“[The lobby of the Indian Head Hotel]… was full to
overflowing with males in leisure jackets and liquor breaths and females in
high-pitched laughs, oxblood fingernails and dirty knuckles. The manager of the
joint, a low budget tough guy in shirt sleeves and a mangled cigar, was
prowling the room with watchful eyes. At the cash desk a pale-haired man was
fighting to get the war news on a small radio that was as full of static as the
mashed potatoes were full of water. In the deep back corner of the room, a
hillbilly orchestra of five pieces, dressed in ill-fitting white jackets and
purple shirts, was trying to make itself heard above the brawl at the bar and
smiling glassily into the fog of cigarette smoke and the blur of alcoholic
voices. At Puma Point, summer, that lovely season, was in full swing.”—American
mystery novelist-screenwriter Raymond Chandler (1888-1959), The Lady in the Lake (1943)
I could not let this day pass without noting that it’s
the 60th anniversary of the death, at age 70, of Raymond Chandler, who evoked, as few if
any others have ever done, the physical and moral landscape of crime—in this case,
Los Angeles. Many have imitated--and almost as many have parodied--Chandler, but I can't think of anyone who's surpassed him.
James Joyce once observed that reading Proust was
not for him, because the French novelist never surprised him. That failing
could never be ascribed to Chandler.
From start to finish, especially in his
early novels, his style never stops surprising in its mix of poetry, moral
judgment, and wise-aleck sense of humor.
Again, Joyce comes to mind here. The Irishman
continues to be read not so much for his plots but for his wizardry with language.
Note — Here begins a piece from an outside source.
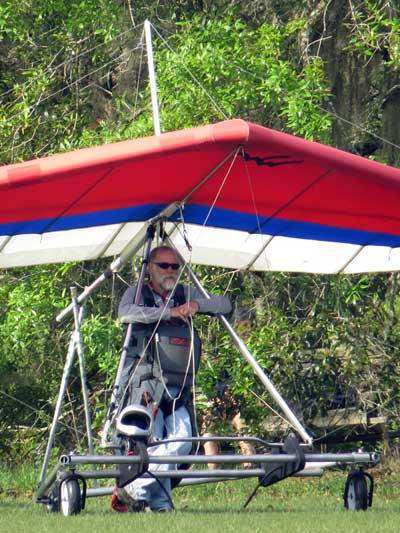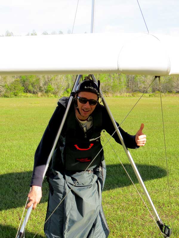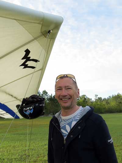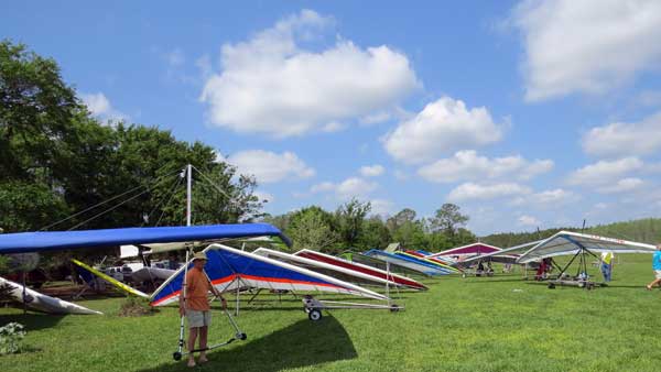 The James Kolynich Report Wednesday April 13, 2016 All the gliders are set up and ready to fly in the sunny warm Florida skies. The new carbon fibre king posts and control frames with the dark tinted sails look really cool. The entire Wills Wing gang is here including Steve Pearson, Mike And Linda Meier, Zack Majors, Paul and Ryan Voight from New York. The day began with a slew of instructional and demo tows with three tugs tugging continuously. The sumptuous breakfast was delayed a bit due to all the activity. Cummies stared to form about 10 AM and continued to build until it started to OD later in the Afternoon. First gliders were up at 11:50AM. A large group seemed to hang out about 2K in loose gaggles making large flat turns. This lift culminated in a monster flat bottomed pancake which parked over the Ranch. I was aiming for a 1 PM to go but got delayed when I forgot my helmet which was retrieved by Aric on the Wallaby staff. Ready to T.O. when Oliver assisting with the launch noticed that my parachute was thinking about coming out of the harness. He promptly fixed it on the spot. Finally I was up and out at 1:46 PM and deposited in a nice thermal by Fay Barber. Banking my ATOS, I worked my way up through the FLexies to cloud base about 3.9K. When I wasn't in the lift I was zooming toward turning gliders or the next dark cumulus Cloud. Petty soon just myself, Rick Bremmer in the other ATOS and Mark Bourbonnais in a Wills Wing T2C were left looking for lift in all the right places. We would thermal together then leave to hunt for the increasing and elusive lift as the sky darkened. Then about 3:30 PM the sun came back out which turned the lift switch on. Mark and Rick found one and took it up over the orange grove. I spied a developing cum nimb to the West which prompted me to circle the Ranch perimeter looking to come down in the very buoyant air. The wind suddenly switched to the North and I touched down softly just before 4 PM. Rick then Mark came in 5 to 10 minutes later after spying the same rain cloud to the West. Rick and Mark got about 3 hours air time each. I was lucky to get 2 hrs and 8 minutes due to my late start. Resident pro pilot Mike Barber and comp pilot Mick Howard flew west down Dean Still Road, Then up Route 33 to Quest Air flight park. Mikey said it was slow going. After landing the sky cleared and the late afternoon instructional and demo flights began. I was tired and hot. Parking the glider and putting my gear away, I then went for a refreshing swim in the 6 feet deep pool. Can you visualize a cannonball? Thanks again to the Wallaby Ranch staff for taking care of my equipment problems so Quickly and getting me airborne. Oh, almost forget to tell you about the pizza and beer party with live music which started after Everyone had landed. The rain did not start until the evening. See you tomorrow! |

Similarly, Chandler did not bother himself unduly with action. (Indeed, when
director Howard Hawks wired him to ask who had killed the butler in The Big Sleep, Chandler answered simply:
“I don’t know.”) But he buffed his style to a high sheen—never overloading a sentence,
but always leaving you crave more.
For all intents and purposes, Dashiell Hammett
invented the hard-boiled detective story. But Chandler took it to an entirely
different level through the character who served as the first-person narrator of
seven of his novels, Philip Marlowe. He is as tough as a man has to be to
survive as a private eye, but there’s more to it than that—or, in the author’s
words:
“Down these mean streets a man must go who is not
himself mean, who is neither tarnished nor afraid. He is the hero; he is
everything. He must be a complete man and a common man and yet an unusual man.
He must be, to use a rather weathered phrase, a man of honor—by instinct, by
inevitability, without thought of it, and certainly without saying it. He must
be the best man in his world and a good enough man for any world.”
(The image accompanying this post is of Dick Powell in Murder My Sweet, Hollywood's first adaptation of Chandler's Farewell My Lovely. I haven't seen Robert Mitchum, reputedly the best onscreen Philip Marlowe, and Humphrey Bogart is not bad. But I don't think that Powell can be surpassed in his ability to take a roundhouse punch and keep going "down these mean streets." On the morning after such encounters, Powell's Marlowe can use an icepack and a razor, but for all his seeming tarnish he remains the indispensable knight to save his dark city. In this photo, he looks the way Chandler intended: like he gives a damn.)